TASK DETAILS: Beneath this line sits some data. Return only its lines from the one holding "Here at Marked" through the one holding "- Ardından doğradığımız", inclusive, exactly, with the images removed.

GIVEN ENTRIES:
##########
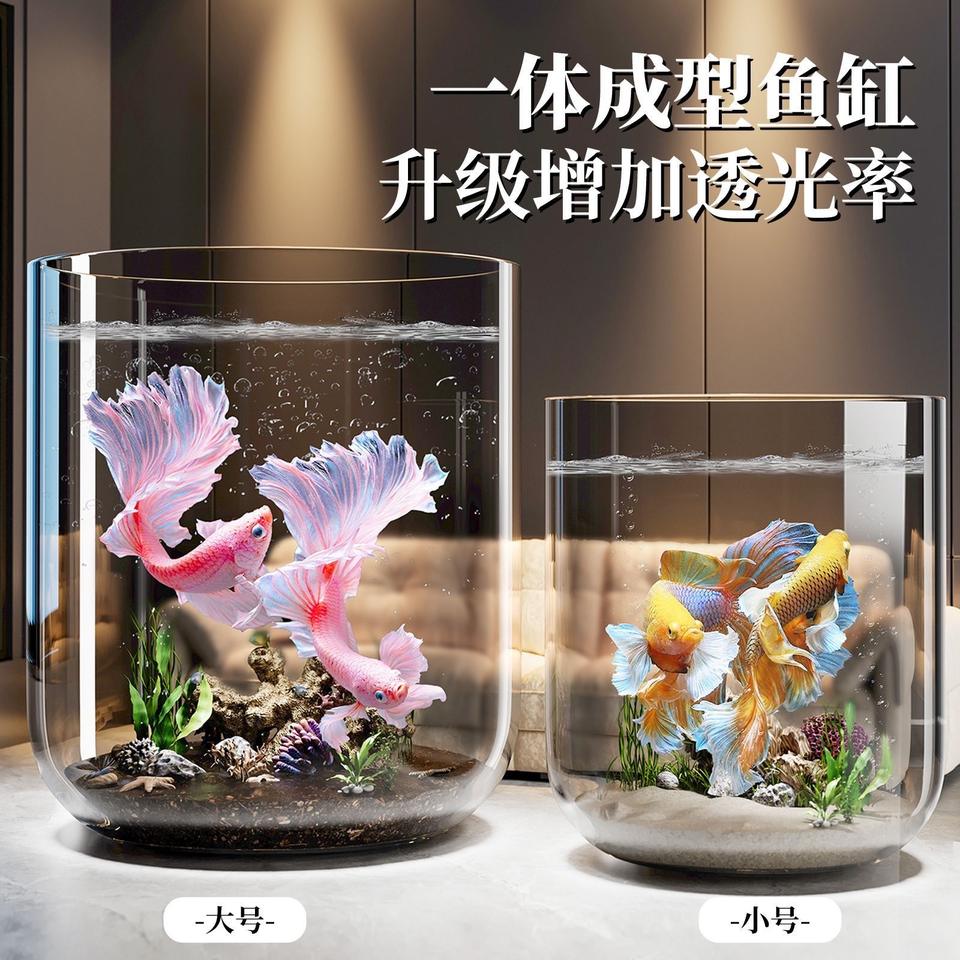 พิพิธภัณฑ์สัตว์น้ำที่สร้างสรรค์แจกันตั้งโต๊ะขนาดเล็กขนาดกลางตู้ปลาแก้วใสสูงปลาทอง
##########
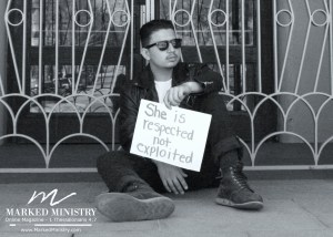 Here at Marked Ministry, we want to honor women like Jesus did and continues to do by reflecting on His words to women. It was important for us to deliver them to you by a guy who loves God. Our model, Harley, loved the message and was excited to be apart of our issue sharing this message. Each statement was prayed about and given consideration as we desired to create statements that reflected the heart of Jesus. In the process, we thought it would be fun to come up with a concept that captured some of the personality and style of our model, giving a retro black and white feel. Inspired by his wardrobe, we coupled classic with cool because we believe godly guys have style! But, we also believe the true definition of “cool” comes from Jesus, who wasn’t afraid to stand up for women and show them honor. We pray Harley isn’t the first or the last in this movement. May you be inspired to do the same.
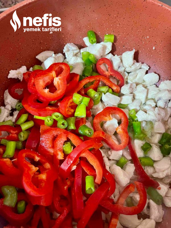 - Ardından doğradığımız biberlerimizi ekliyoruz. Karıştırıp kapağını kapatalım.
##########
ANSWER AREA:
 Here at Marked Ministry, we want to honor women like Jesus did and continues to do by reflecting on His words to women. It was important for us to deliver them to you by a guy who loves God. Our model, Harley, loved the message and was excited to be apart of our issue sharing this message. Each statement was prayed about and given consideration as we desired to create statements that reflected the heart of Jesus. In the process, we thought it would be fun to come up with a concept that captured some of the personality and style of our model, giving a retro black and white feel. Inspired by his wardrobe, we coupled classic with cool because we believe godly guys have style! But, we also believe the true definition of “cool” comes from Jesus, who wasn’t afraid to stand up for women and show them honor. We pray Harley isn’t the first or the last in this movement. May you be inspired to do the same.
 - Ardından doğradığımız biberlerimizi ekliyoruz. Karıştırıp kapağını kapatalım.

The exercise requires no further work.